I’m curious to hear how others are faring with using GenerativeAI for image descriptions.
But. maybe more for those deeper into this (cough cough @moodler) is Mistral open enough? Or open at all? Their site lists under Openness “We lead the market of open source generative technologies to bring trust and transparency in the field and foster decentralised technology development”
Their model weights are available, though I have no idea what I do with them. Their Pixtral Large model"demonstrates frontier-level image understanding. Particularly, the model is able to understand documents, charts and natural images, while maintaining the leading text-only understanding of Mistral Large 2."
Alan’s Test (n=3)
Yes, the natural response is to try it on images. I chose three, for which in use elsewhere I have already written my own alt text descriptions from my own model (my brain).
Photo by Alan Levine shared into the public domain using CC0
I thought I had posted this somewhere with a description but am not finding it. Mistral AI described it (used in the alt text above)
This image depicts a tractor operating in a snowy field. The tractor is equipped with a front loader attachment, which is currently raised and appears to be holding snow. The tractor has large tires, suitable for navigating through snowy terrain. The background shows a flat, open field covered in snow, with some trees and a clear sky visible in the distance. The scene suggests that the tractor is being used for snow removal or other winter-related tasks.
Here is a second test.
The Virtuous Properties flickr photo by cogdogblog shared into the public domain using Creative Commons Public Domain Dedication (CC0)
I used this for a blog post where my not so great alt text was written (now cringing at how weak it is)
Taped to the side of an abandoned refrigerator is a hand written sign reading “It Works, Free”
Mistral AI provided
This image shows a refrigerator placed outdoors.
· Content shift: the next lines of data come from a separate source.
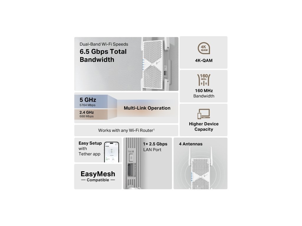 Inteligentný roaming a EasyMesh: Spolupracuje s kompatibilnými EasyMesh routermi a extendermi, aby vytvoril jednotnú Mesh sieť. To umožňuje plynulý prechod medzi miestnosťami bez výpadkov signálu a straty rýchlosti.
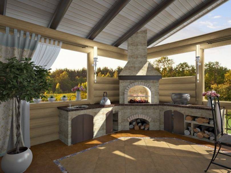 Интересный проект бани с открытой террасой и отдельным помещением для хранения дров. В качестве основного материала для возведения может послужить брус, бревно или кирпич.
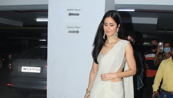 So, Katrina wore a white-toned ruffled saree that was designed by Arpita Mehta. It was a pristine white saree with layered and subtly-pleated ruffled accents. It was a lightweight saree and she teamed her ensemble with embellished blouse. It was a jewel-toned blouse that went well with her saree and she paired her saree with a pair of golden flats that complemented her saree. As for her jewellery, it was minimally done and the actress just wore heavy gold bangles, delicate ring, and intricately-done danglers to accentuate her look.
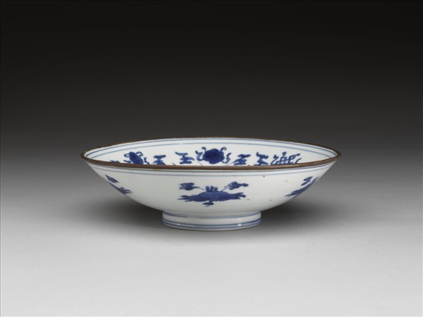 敞口,深壁,矮圈足。口鑲金屬釦,內壁畫轉枝番蓮,加飾八寶,碗心畫如意雲一周,中飾菊花。外壁畫花卉五折枝。內外加飾青線九道。底有青花書「大明嘉靖年製」六字二行楷款,外加雙圈。
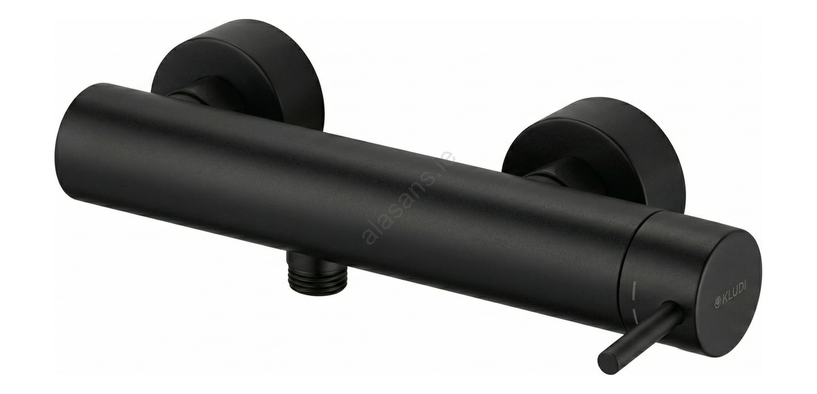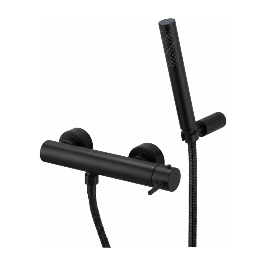 • Wall-mounted single-lever shower mixer with a complete accessory set.
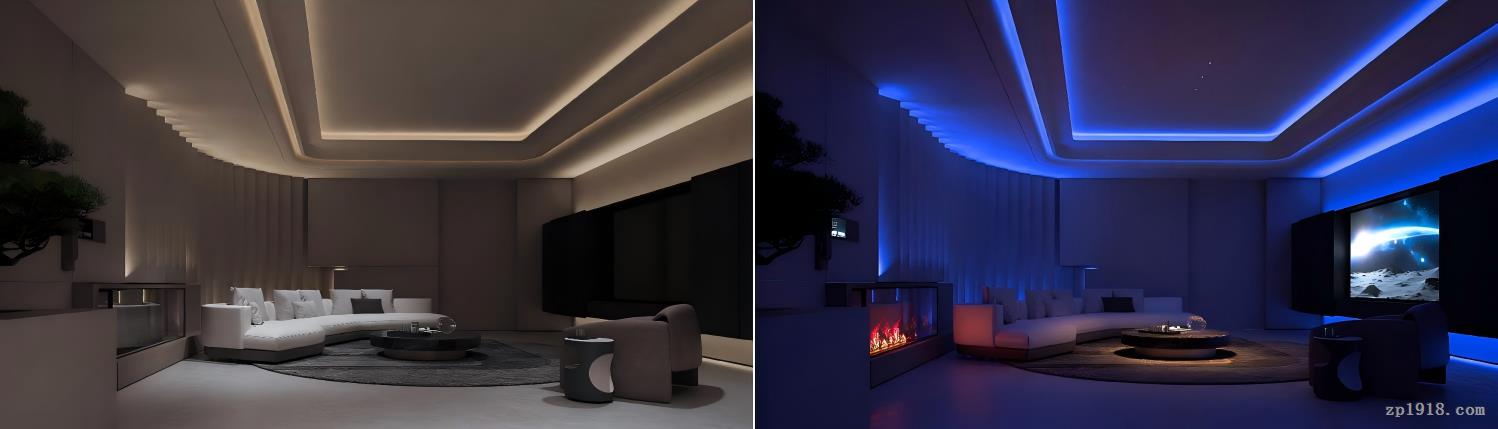 针对消费者对全屋智能场景体验的核心需求,5.0门店以科学动线设计为基础,打造客厅、卧室、茶室等多个实景空间,预设观影、音乐、阅读、冥想、就餐等多元化智能场景,实现“所见即所得”的沉浸式体验。消费者可在不同空间中亲身感受灯光、窗帘、影音、暖通等设备的协同联动,例如启动观影模式时,灯光自动渐暗、窗帘缓缓闭合、音响切换至环绕声场,毫秒级同步响应带来极致沉浸感,让消费者能够基于真实生活场景预判智能产品价值。
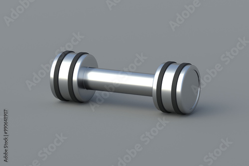 Dumbbell on gray background. Healthy lifestyle. Athletic equipment. Hobby and leisure accessories. Professional inventory. Lifting of physical power. 3d render
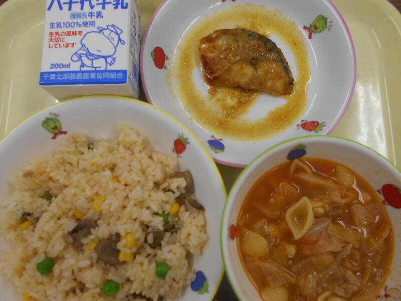 コーンピラフ  タンドリーフィッシュ  ミネストローネ  牛乳
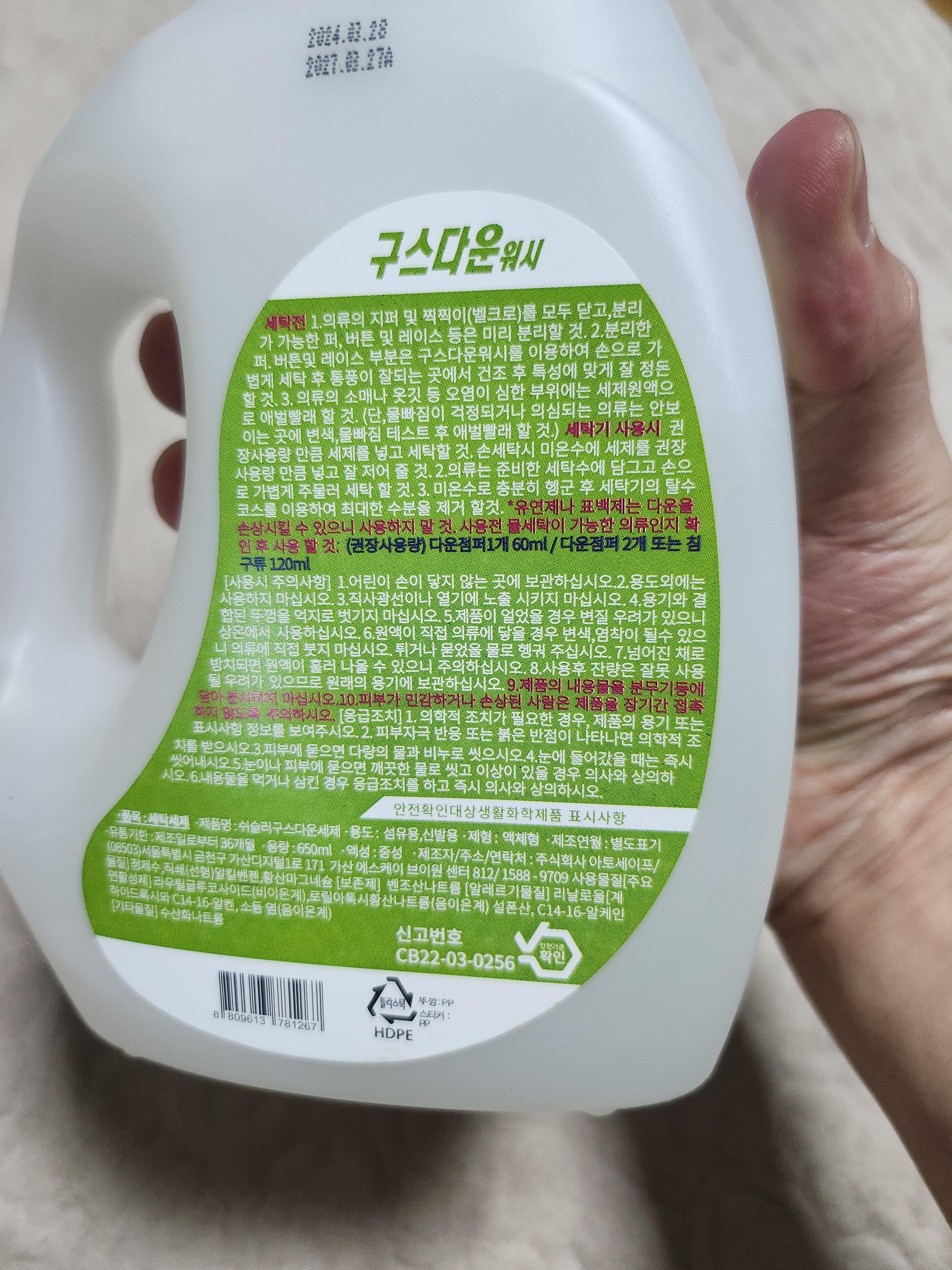 구스다운 세제를 사용해서 세탁기에 세탁하고 보관하자! 정하고 주문해봤어요.

Attached to the front of the refrigerator is a handwritten note on a piece of lined paper. The note reads, “It works. Free.” The note is secured to the refrigerator with green tape. The background shows a natural setting with trees and grass, indicating that the refrigerator is likely being offered for free to anyone who wants it.
And finally my third test, was a photo I took in a local coffee shop
Pixelfed photo by @cogdog licensed under Public Domain (CC0)
My alt text was I feel pretty good:
A small round shaped cactus sits in a bowl on a counter. It has small, delicate bright colored flower on its crown. Through the window behind is a snow covered street suggesting very cold temperature out there.
And here is Mistral AI’s description
This image shows a close-up of a cactus plant with several bright pink flowers blooming at the top. The cactus has a round shape and is covered with numerous white, hair-like spines. The background is slightly blurred but appears to show a snowy outdoor scene with buildings and vehicles, suggesting that the cactus is indoors, possibly near a window. The contrast between the vibrant flowers and the snowy backdrop creates an interesting visual juxtaposition.
I have been making a focused effort for more than a year to practice regular image descriptions, and one of my go to guides is Alex Chen’s How to Write and Image Description for its approach of ‘Object — action — context’
Is Mistral achieving this? From my bit of reading, an alt text description does not need a reference to itself as an image, I would remove the “This image shows” or “This image depicts” as it should just be the description. That’s minor. Mistral is doing a good job of describing and then ending ina bit of context or suggestion of meaning.
From my limited tests MIstral does well. I’d bet it might struggle (as Bryan’s examples suggests) with words on the screen, although when you look at the examples in MIstral Large, it is showing not only transcription of text in images but also intrepretation (I should try some charts and graphs).
But I have to say in my small test, wow.